L’art. 94 Cost. prevede che la mozione di sfiducia deve essere motivata e votata per appello
nominale. Inoltre, deve essere firmata da almeno 1/10 dei componenti la Camera e non può essere
messa in discussione prima di tre giorni dalla sua presentazione.
La questione di fiducia
Dalle mozioni di fiducia e di sfiducia va tenuta distinta la questione di fiducia. Mentre, infatti, le
prime sono presentate dai parlamentari, la seconda è posta dallo stesso Governo tutte le volte che
esso, temendo colpi di mano da parte di una maggioranza, divenuta incerta, voglia assicurarsene
l’appoggio allorquando si tratti di un atto il cui risultato risulti essenziale per il proseguimento della
sua azione politica.
Ponendo la questione di fiducia, insomma, il Governo implicitamente avverte le Camere che, in
caso di esito del voto contrario a quello da esso voluto, si dimetterà ed aprirà la crisi.
Le funzioni normative
Il potere esecutivo non si limita a svolgere funzioni amministrative ed attività di direzione politica
ma, in deroga al principio della divisione dei poteri, pone anche in essere norme costitutive
dell’ordinamento giuridico dello Stato.
Gli atti normativi del potere esecutivo si distinguono a seconda che abbiano o non abbiano la stessa
efficacia formale della legge.
Così, sono equiparati alla legge i decreti legislativi ed i decreti-legge; mentre i regolamenti hanno
un’efficacia inferiore a quella della legge.
I decreti legislativi
I decreti legislativi (di cui all’art. 76 Cost.) vengono adottati dal Governo su delega da parte delle
Camere, conferita con apposita legge (la c.d. legge delega), che fissa i punti fondamentali ed
essenziali, sui quali il decreto dovrà articolarsi, ed i limiti di tempo, entro cui la delega potrà essere
esercitata.
Il Governo non può uscire da quei limiti stabiliti dal Parlamento per cui, se è vero che ci troviamo di
fronte ad una eccezione al principio della divisione dei poteri, è altrettanto vero che la delega da
parte delle Camere, sempre necessaria, pone dei limiti ben precisi a questa eccezione.

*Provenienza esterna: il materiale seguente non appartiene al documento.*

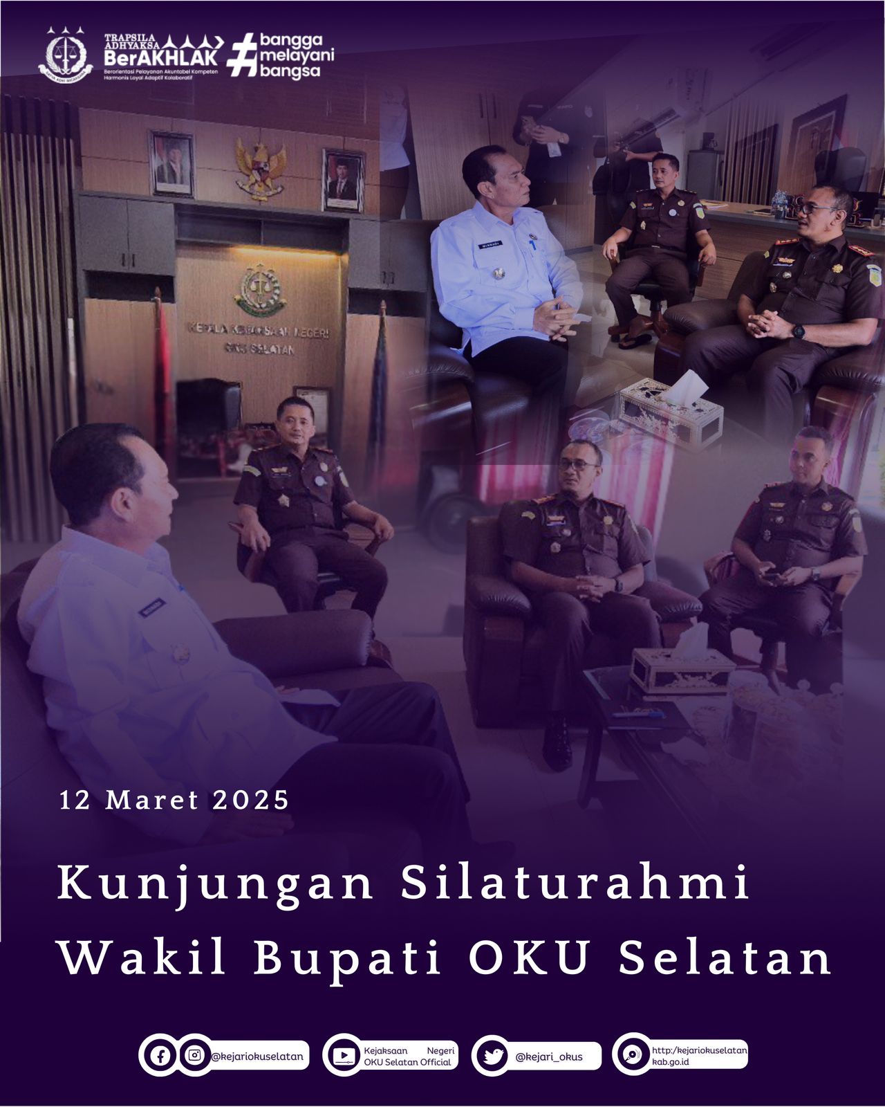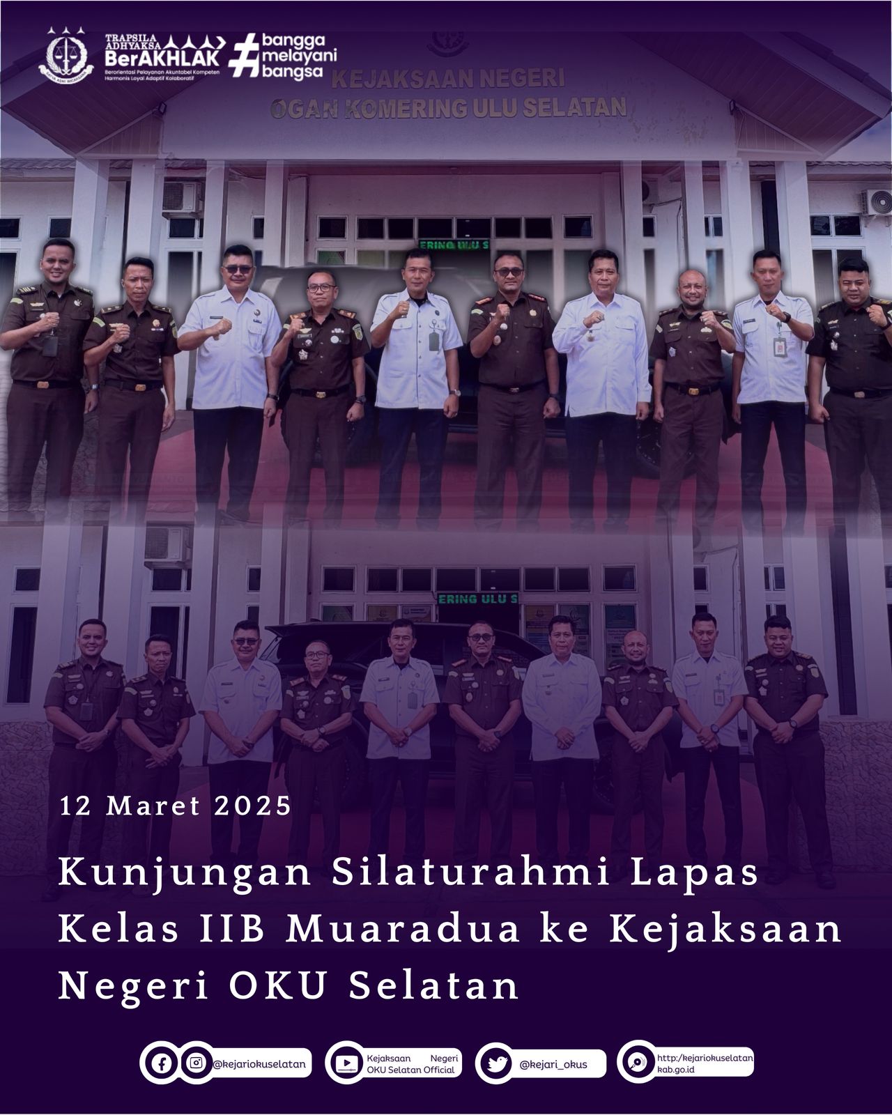 Rabu, 12 Maret 2025, pukul 11.30 WIB, Kepala Kejaksaan Negeri Ogan Komering Ulu Selatan menerima kunjungan dari Kepala Lembaga Pemasyarakatan…
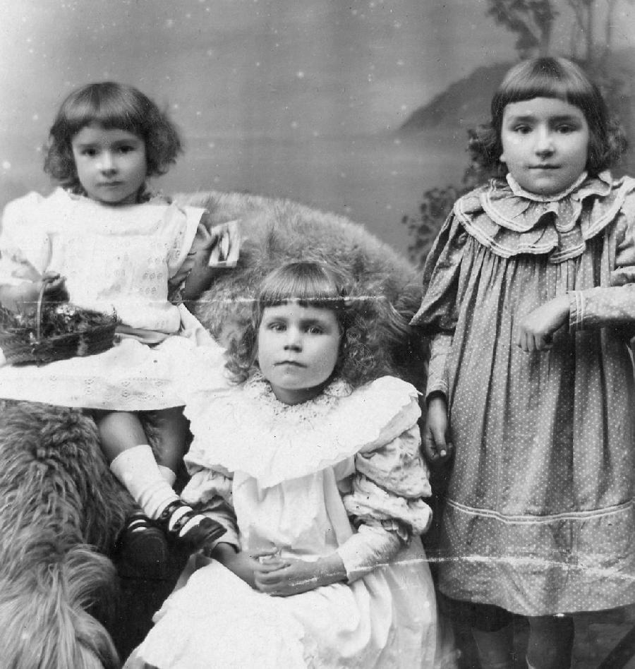 An English cabinet card shows two unidentified chilren and a lady. We are not sure if the lady is a young mother or a nanny. The children look to be about 2-4 years of ages. Both wear colored dresses with puff sleeves and white pinafores. The younger child hs a wide waist sash. The portrait is undated, but looks like the 1880s to us. We have age details about another boy. The boy here, Freddie, is 2 years old going on 3 years in 1894 (figure 1). He wears as whire pinfore over a colored dress.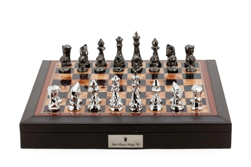 Dal Rossi Italy Brown PU Leather Bevelled Edge chess box with compartments 18″ with Diamond-Cut Titanium & Silver Finish Chessmen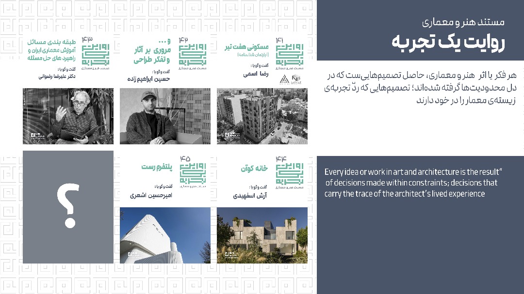 در دنیای معماری ، آنچه فراتر از فرم و عملکرد قرار میگیرد ، تجربه زیستهی معمار در مواجهه با پروژه و فضاست؛ تجربهای که درک آن تنها از مسیر روایت شخصی و حرفهای ممکن میشود.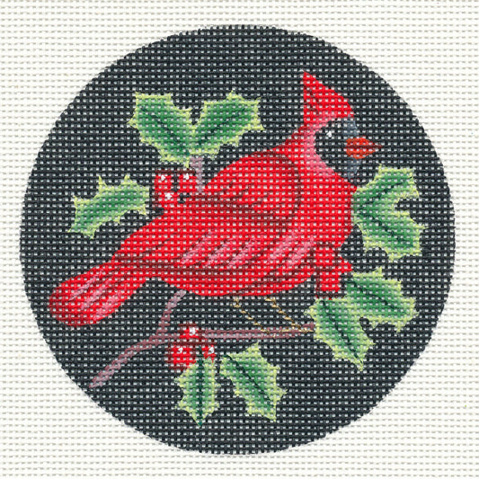 Bird Round ~ Winter Cardinal & Holly 4" Rd. handpainted 18 Mesh Needlepoint Canvas by Amanda Lawford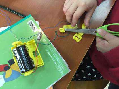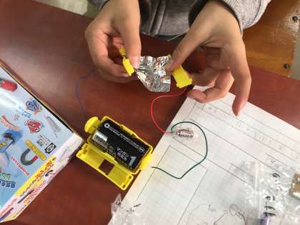 今日は身のまわりにある物を使って、何が電気を通して、何が電気を通さないか調べました。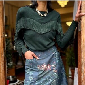 Tags: fringe emerald green dressy casual sweater lightweight travel vacation holiday party spring summer fall winter boho bohemian designer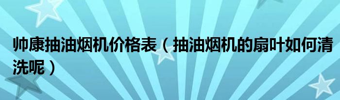 帅康抽油烟机价格表(抽油烟机的扇叶如何清洗呢)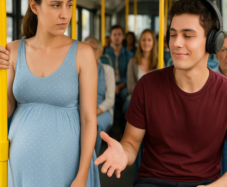 Le bus avançait péniblement dans une rue étroite, chaque siège occupé, chaque guidon serré. L’air à l’intérieur était lourd, chargé de chaleur, de murmures et du léger grincement des freins. À l’arrêt suivant, une jeune femme monta à bord. Elle portait une simple robe d’été et avançait prudemment, les mains posées délicatement sur son ventre arrondi. Enceinte de sept mois, elle se tenait avec une dignité tranquille, mais la tension sur son visage trahissait la difficulté de rester debout.

Solitamente le Camere delegano il potere legislativo al Governo per la disciplina di quelle materie
che richiedono conoscenze tecniche o specialistiche, che il Governo può acquisire attraverso il
Ministero dello specifico settore.
I decreti-legge
Anche nell’adozione dei decreti-legge (di cui all’art. 77 Cost.) il Governo incontra dei limiti, in
quanto:
l'emanazione di un decreto-legge deve essere giustificata dalla ricorrenza di un caso
straordinario di necessità ed urgenza, che impone di "provvedere" con immediatezza;
inoltre, il Governo, il giorno stesso in cui il provvedimento è emanato, deve presentarlo per
la conversione in legge alle Camere, che, anche se sciolte, sono appositamente convocate e
si riuniscono entro cinque giorni.
La conversione deve intervenire entro 60 giorni dalla pubblicazione del decreto; se il
decreto-legge non è presentato al Parlamento per la sua conversione oppure se il decreto-
legge, pur presentato alle Camere, non è convertito in legge, perde efficacia fin dall'inizio,
facendo venir meno gli effetti medio tempore prodotti, ma è consentito alle Camere di
regolare con legge i rapporti giuridici sorti sulla base del decreto-legge non convertito.